Question

\( \frac{\sin x}{1+\cos x} + \frac{1+\cos x}{\sin x} = \)

• A. \( 2 \sec x \)
• B. \( 2 \csc x \)
• C. \( \tan 2x \)
• D. \( \sin 2x \)

Hint:

When adding algebraic fractions, find a common denominator.
Use fundamental trigonometric identities like \(\sin^2\theta + \cos^2\theta = 1\).
Remember reciprocal identities: \(\csc\theta = 1/\sin\theta\), \(\sec\theta = 1/\cos\theta\), \(\cot\theta = 1/\tan\theta\).

Answer 1

The Correct Option is B

Let the expression be E. \[ E = \frac{\sin x}{1+\cos x} + \frac{1+\cos x}{\sin x} \] Combine the fractions with a common denominator \((1+\cos x)\sin x\): \[ E = \frac{\sin x \cdot \sin x + (1+\cos x)(1+\cos x)}{(1+\cos x)\sin x} \] \[ E = \frac{\sin^2 x + (1+\cos x)^2}{(1+\cos x)\sin x} \] Expand the numerator: \((1+\cos x)^2 = 1^2 + 2(1)(\cos x) + \cos^2 x = 1 + 2\cos x + \cos^2 x\).

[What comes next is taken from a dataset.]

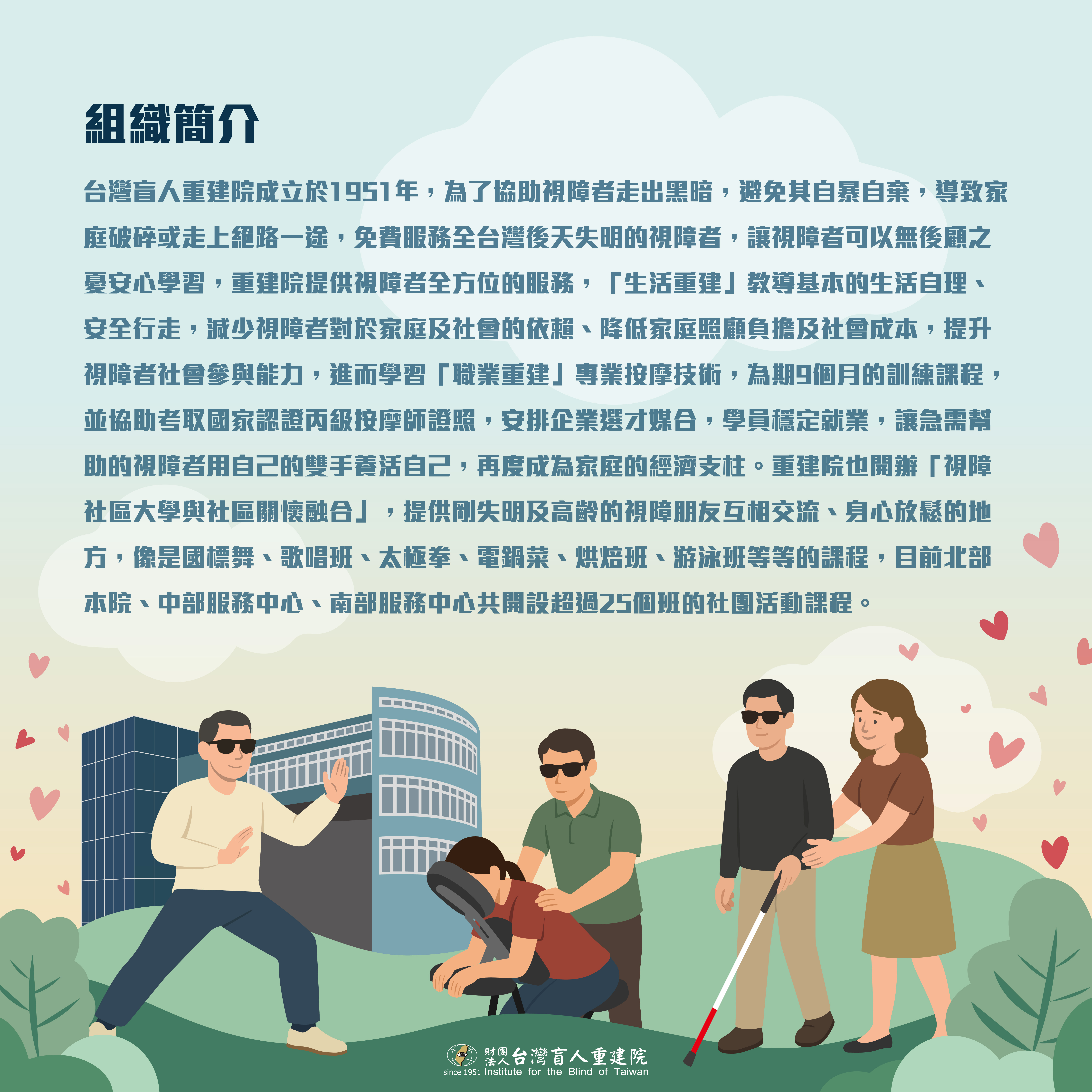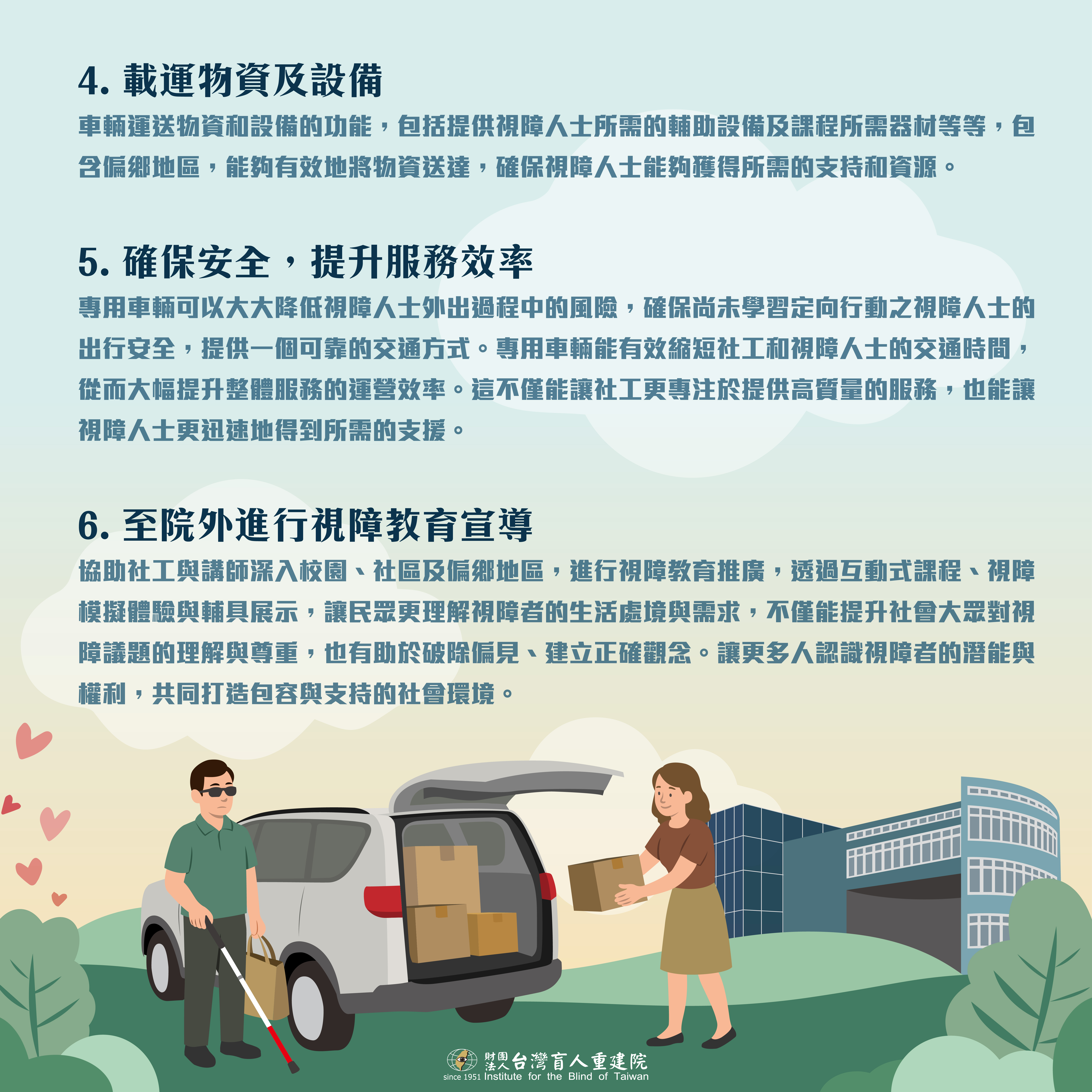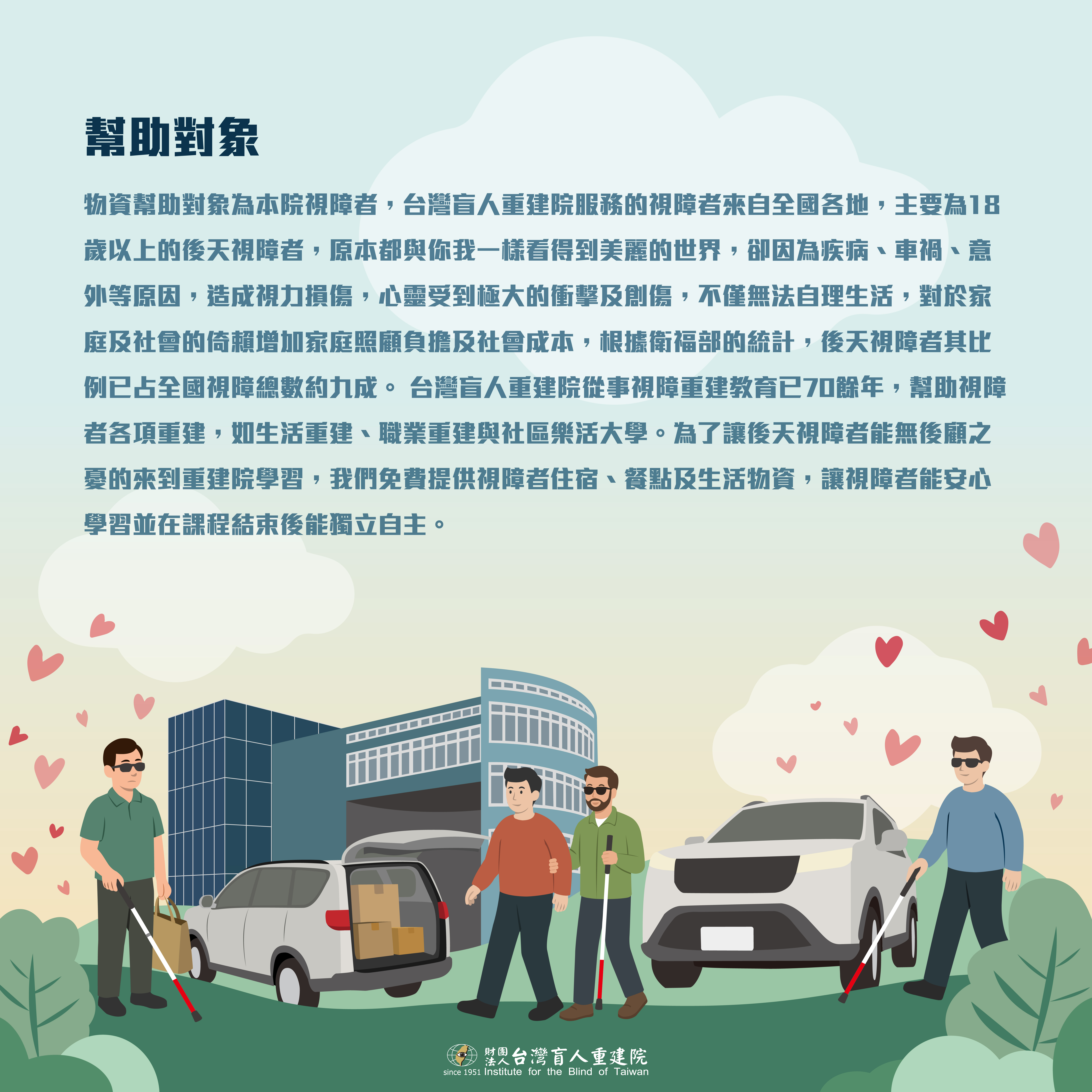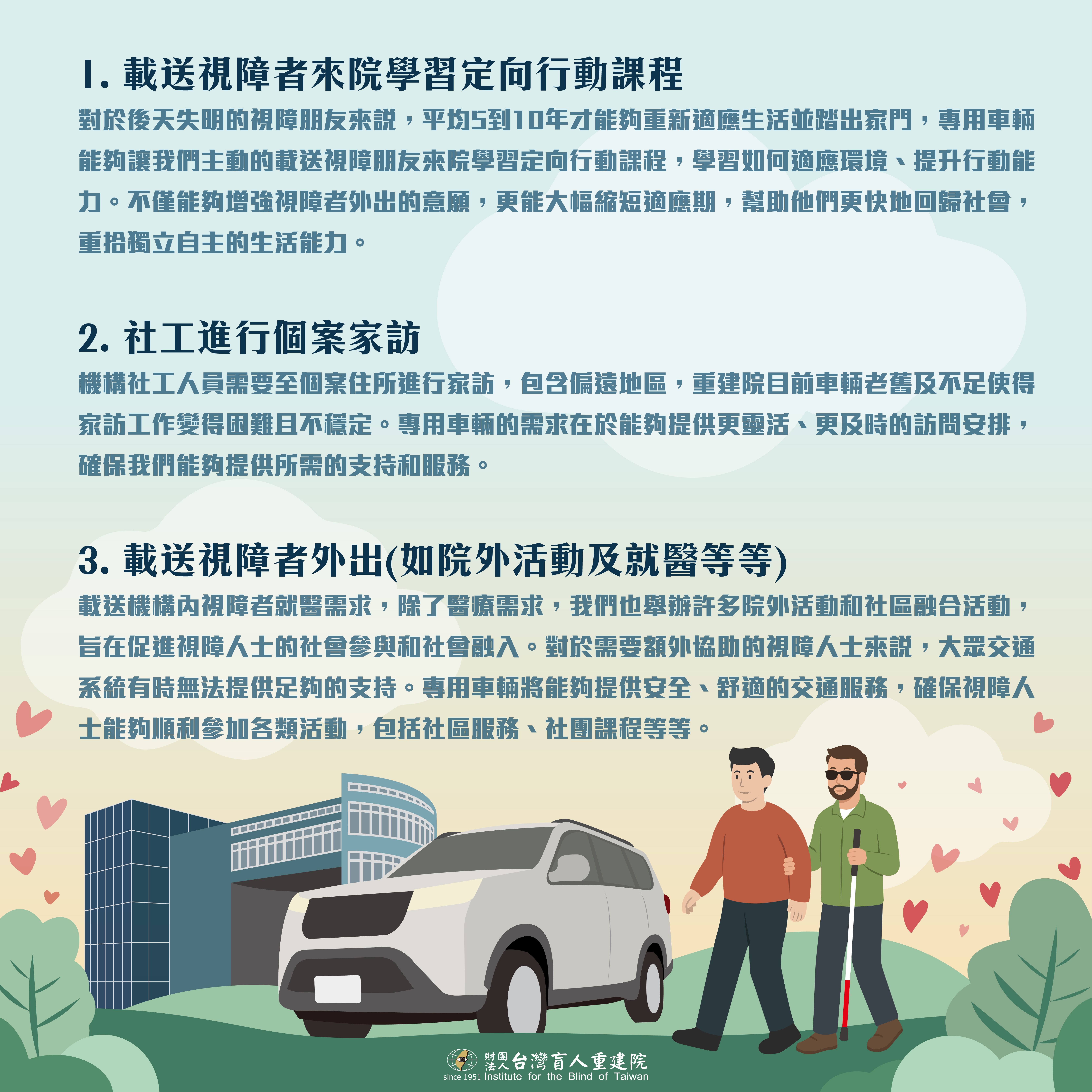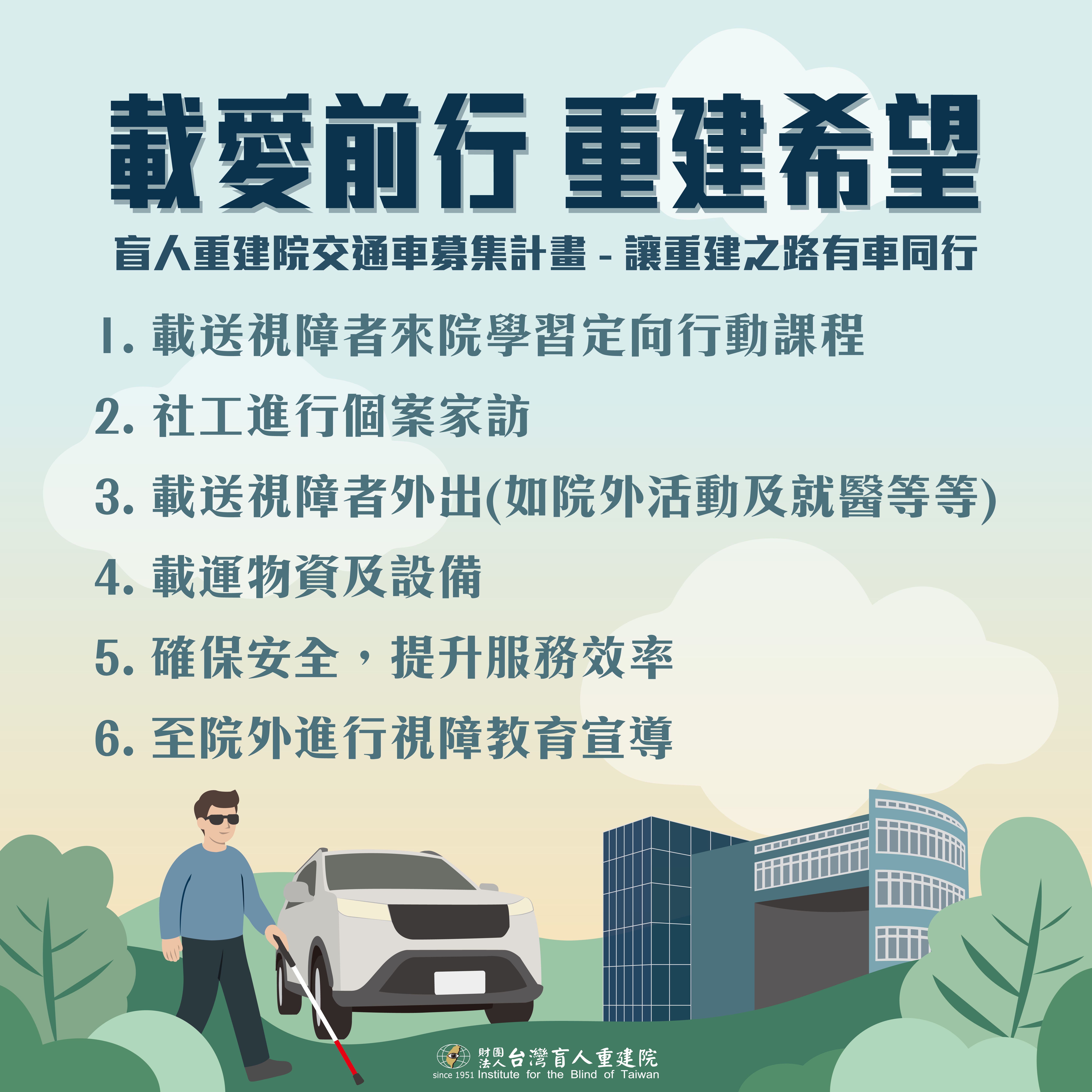 台灣盲人重建院現有車輛老舊且故障率高,無論是對於服務個案的安全性,或是工作人員的效率都會造成隱憂,希望大家能夠協助我們,幫助我們將機構的交通車汰舊換新,這不只是一台車,而是一條通往希望的道路,是連結你我與視障者的起點,邀請您加入「載愛前行,重建希望」的行列,讓每一段人生旅程,不再孤單!

So, the numerator is \(\sin^2 x + 1 + 2\cos x + \cos^2 x\). Using the identity \(\sin^2 x + \cos^2 x = 1\): Numerator = \((\sin^2 x + \cos^2 x) + 1 + 2\cos x = 1 + 1 + 2\cos x = 2 + 2\cos x\). Factor out 2 from the numerator: Numerator = \(2(1+\cos x)\). Now substitute back into E: \[ E = \frac{2(1+\cos x)}{(1+\cos x)\sin x} \] Assuming \(1+\cos x \neq 0\) (i.e., \(\cos x \neq -1\), so \(x \neq (2k+1)\pi\)) and \(\sin x \neq 0\) (i.e., \(x \neq k\pi\)), we can cancel the term \((1+\cos x)\): \[ E = \frac{2}{\sin x} \] Since \(\csc x = \frac{1}{\sin x}\), \[ E = 2 \csc x \] This matches option (b). \[ \boxed{2 \csc x} \]